As CEIC devem demonstrar responsabilidade relativamente aos investigadores e ao público em general, e são diretamente responsáveis perante a autoridade que as constituiu, quer seja um governo, uma autoridade institucional ou um organização privada. As CEIC devem promover a transparência das suas atividades e decisões, incluindo o anúncio oficial das reuniões.

Que tipo de investigação requer avaliação ética?

Qualquer tipo de investigação que envolva seres humanos deve ser avaliada por uma CEIC antes de incluir potenciais participantes. Isto também se aplica a qualquer investigação realizada com informação pessoal (p. ex. registos médicos), ou com tecidos humanos e material genético. A investigação com gâmetas humanos (ou seja, esperma ou óvulos), embriões e tecido fetal também requer uma avaliação ética prévia além de outros requisitos (ver secção sobre casos particulares abaixo).

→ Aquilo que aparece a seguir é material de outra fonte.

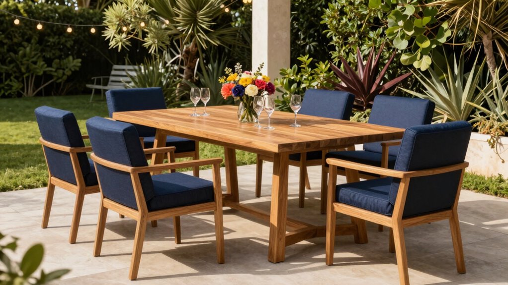Choosing the right outdoor dining set can feel overwhelming, but I believe it’s like finding the perfect puzzle piece—when it fits, everything clicks. Curiously, studies show that well-designed outdoor spaces boost mood and social bonds. So, whether you opt for a cozy 5-piece or a spacious 9-piece set, I’m convinced that creating your ideal patio isn’t just about style—it’s about crafting a space that brings joy and connection. Happy patio shopping!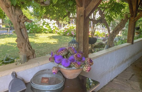 Charming ensemble consisting of the owner's house and, separately, a cosy 4-person gite (2 bedrooms plus bathroom) and, next to it, a lovely bedroom with another bathroom. Ideal for couples travelling together, yet wanting their privacy. The house is on the edge of a small hamlet, at the end of a cul-de-sac, so tranquil. Views over rolling hills and walnut groves. The house has several sitting areas and a lovely garden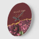 Burgundy Flower Elegance with Gold Accent Large Clock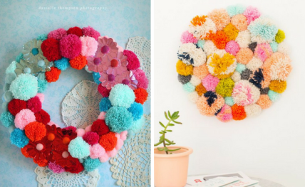 Поделки из помпонов: декоративные веночки из помпонов на стену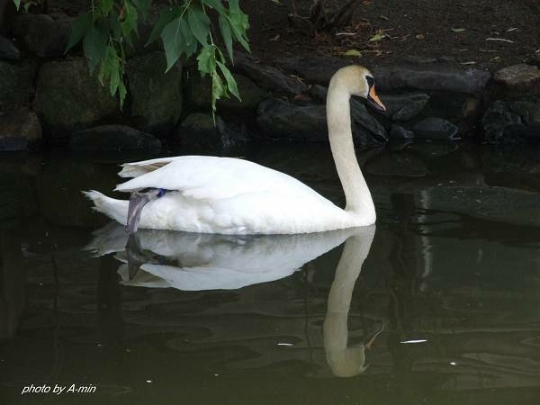 很優閒的白天鵝..連腳都翹到背上來了.. 只用一隻腳划水?

Algumas investigações podem estar isentas de análise ética, por exemplo, quando não se prevê nenhum risco de danos nem desconforto e apenas envolve algum incómodo para os participantes (risco negligenciável). O mesmo acontece com investigações que envolvem a utilização de recompilações de dados ou registos já existentes que contenham apenas dados não identificáveis de pessoas (p. ex. registos públicos, arquivos ou publicações).

Casos particulares

Os ensaios clínicos são um tipo de investigação que tem requisitos adicionais. Por exemplo, na Europa, os promotores de ensaios clínicos para medicamentos devem ter a aprovação da Autoridade Nacional Competente e um parecer favorável da CEIC antes de um ensaio poder ser iniciado.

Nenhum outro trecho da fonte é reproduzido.